Sheriff recommends that future maternal-stress research focus on identifying the mechanisms that allow offspring to modulate exposure to maternal stress, and examining the indirect, alternate maternal mechanisms of influence that can shape the evolution of maternal-stress effects.

Future research should also examine the environmental regulation and dynamic nature of the environment-mother interaction to enhance understanding of the evolution of adaptive maternal stress effects. Researchers should measure fitness outcomes under real-life -- either free-living or semi-natural -- conditions to assess the adaptive potential of stress-induced phenotypes.

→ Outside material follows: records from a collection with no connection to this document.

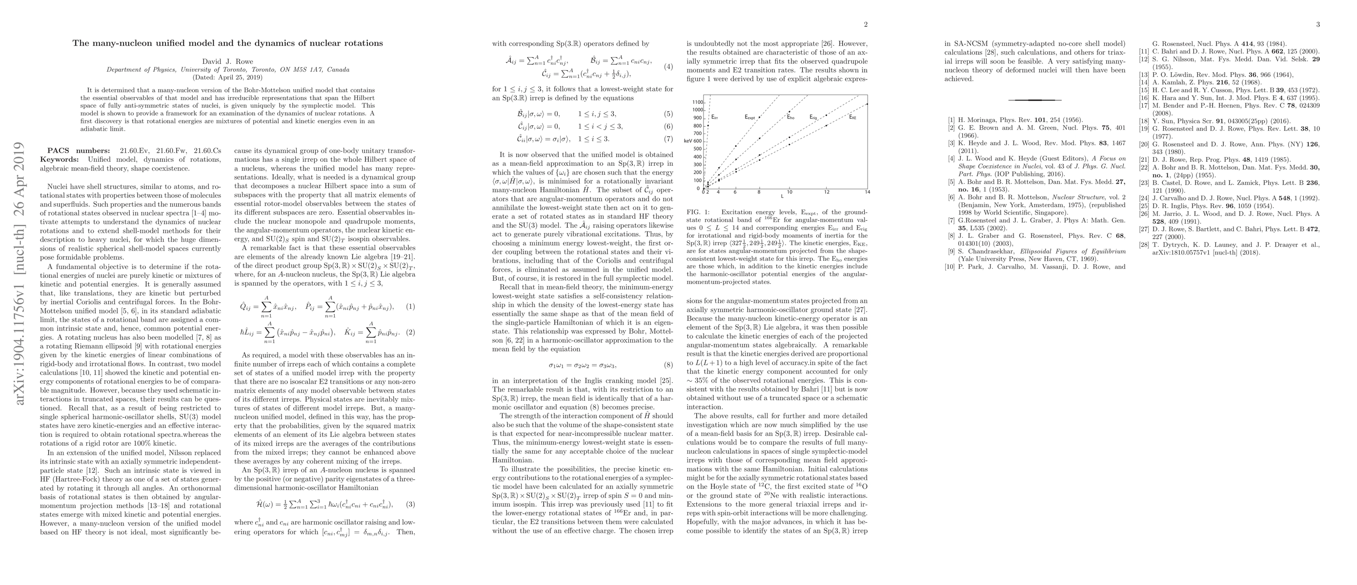 The paper proposes a many-nucleon unified model based on the symplectic model, which captures nuclear observables and spans the Hilbert space of nuclei. It reveals that rotational energies are composed of potential and kinetic energies, even in an adiabatic limit.
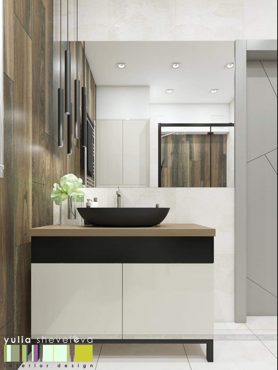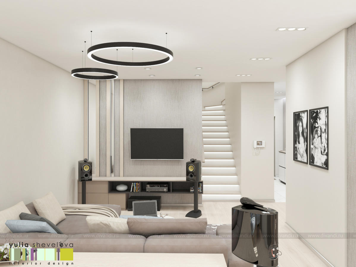 Стиль для интерьера был выбран легкий и современный, с акцентом на эко дизайн. Цвета выбраны нейтральные и спокойные, одним из главных материалов в интерьере стало дерево и материалы, имитирующие древесную текстуру.
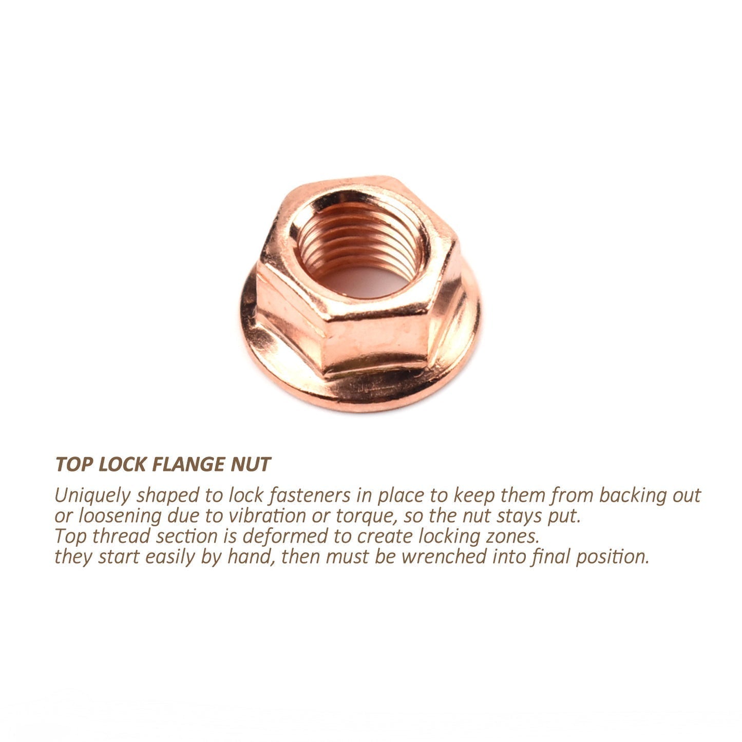 - Nut: Top lock flange nut copper plated steel
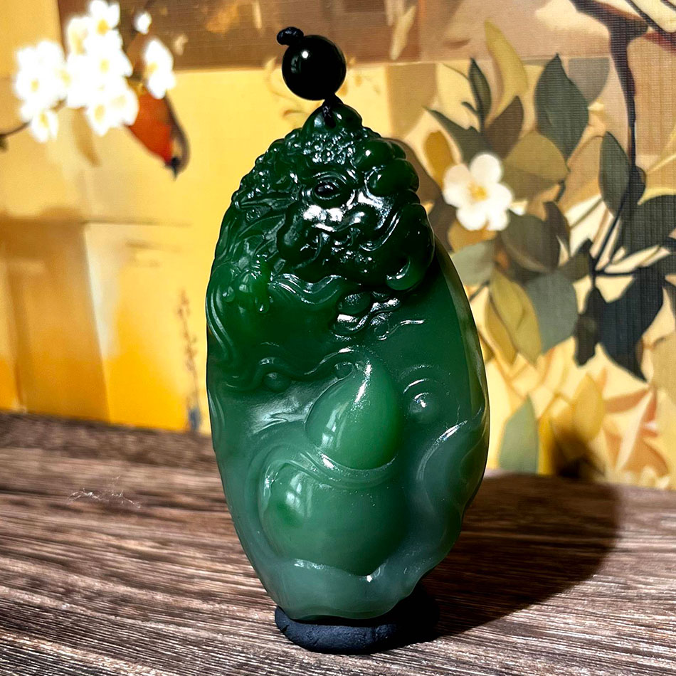 福禄寿,(蝙蝠,葫芦,兽)这件以俄罗斯碧玉三色过渡料为原材料设计的手把件,以三色为层次雕刻出三个主题,兽眼运用到原料的一点褐红斑,对外形大小的把控也是可把可带。
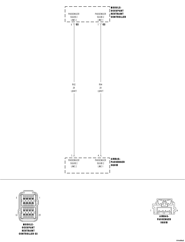 3.CHECK (R64) PASSENGER SQUIB 2 LINE 1 CIRCUIT AND (R62) PASSENGER SQUIB 2 LINE 2 CIRCUIT FOR A SHORT TO BATTERY
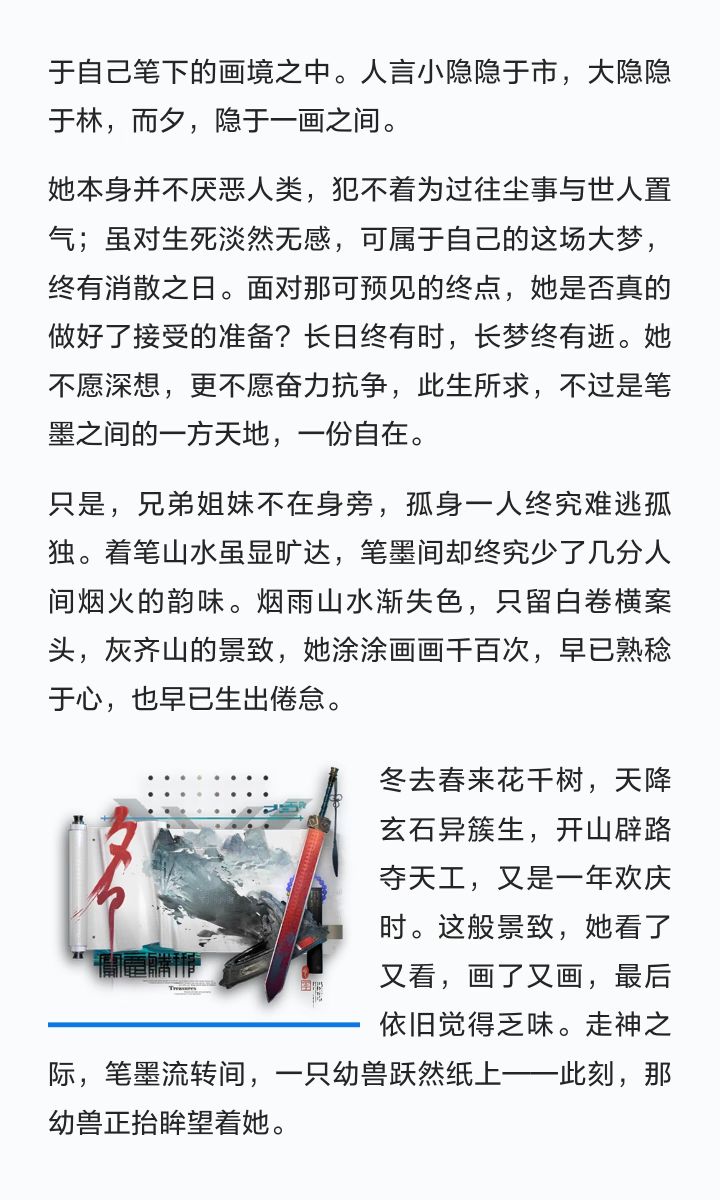 关于夕的人物志,岁家真正意义上的开篇故事。由世入画,再到由画入世,如梦似幻,却不得不醒。陈的人物志也在筹备中,想更全面展示这个角色,如果有什么想了解的干员,也欢迎评论区交流。我们下篇文章再见。#明日方舟 #明日方舟剧情 #明日方舟辞岁行 #明日方舟夕
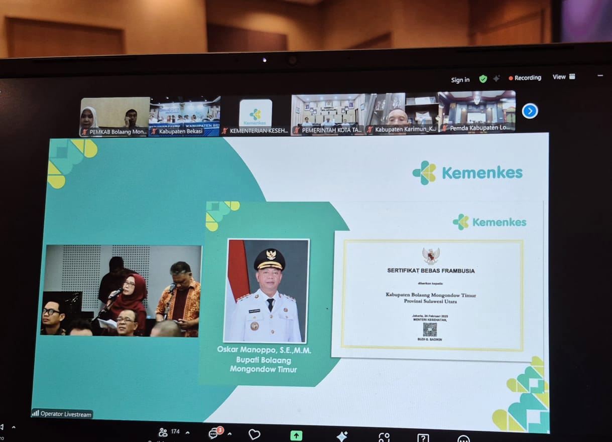 IKNews, BOLTIM – Wakil Bupati Bolaang Mongondow Timur (Boltim) Argo V. Sumaiku mengikuti penyerahan sertifikat bebas Frambusia yang diselenggarakan oleh Kementerian Kesehatan Republik Indonesia melalui zoom meeting pada Rabu sore, 20 Agustus 2025. Bertempat di Manado.
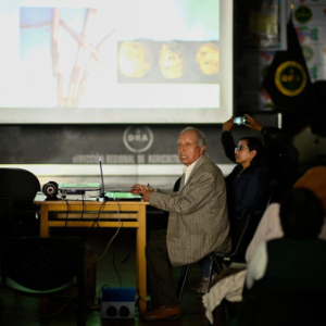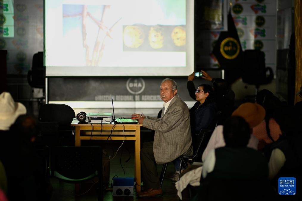 10月10日,在秘鲁万卡约市,当地农户聆听秘鲁马铃薯专家维克多·奥塔苏的马铃薯种植技术讲座。
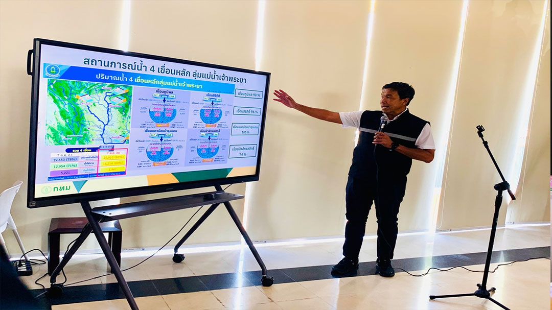 นายฐนโรจน์ สรุปสถานการณ์น้ำเหนือ ว่า สถานการณ์ลุ่มน้ำเจ้าพระยา โดยเฉพาะอ่างเก็บน้ำขนาดใหญ่ที่มีผลกระทบต่อการบริหารจัดการน้ำ ได้แก่ เขื่อนสิริกิติ์ ปัจจุบันมีความจุอยู่ที่ 96% คาดว่าจะมีความจุอยู่ที่ 100% พอดี เขื่อนแควน้อย ปัจจุบันน้ำล้นแล้วมีน้ำที่ลงมาเติมกับลำน้ำน่าน ปริมาณน้ำที่ไหลเข้าเขื่อนน้อยกว่าปริมาณน้ำที่ระบายลง ซึ่งระดับน้ำในเขื่อนจะกลับเข้าสู่สภาวะปกติใช้เวลาไม่เกิน 1 สัปดาห์ เขื่อนภูมิพลปัจจุบันมีความจุอยู่ที่ 89% คาดว่าจะไม่ล้น เขื่อนป่าสักชลสิทธิ์คาดว่าน้ำจะล้น จึงมีการสลับเพิ่มการระบายน้ำในช่วงที่น้ำเหนือกำลังลงมาเพิ่มการระบายน้ำสูงสุด 6,000 ลบ.ม./วินาที

Another area to examine is fitness outcomes across pre-natal and post-natal environments to better understand the interaction between altered offspring phenotype and environmental variation. Researchers also should examine the potential for evolved, adaptive maternal-stress effects to either limit or enhance fitness outcomes, and therefore population viability.
This study was an international collaborative effort and Sheriff assembled a team including Alison Bell, University of Illinois; Rudy Boonstra, University of Toronto Scarborough; Ben Dantzer, University of Michigan; Sophia Lavergne, University of Toronto Scarborough; Katie McGhee, University of the South; Kirsty MacLeod, Department of Ecosystem Science and Management, Huck Institutes of the Life Sciences, Penn State; Laurane Winandy, Universite of Toulouse and Station d'Ecologie Théorique et Expérimentale; Cedric Zimmer, Cornell University; and Oliver Love, University of Windsor.

The National Science Foundation, the National Institutes of Health and the Fyssen Foundation Post-Doctoral Fellowship supported this work.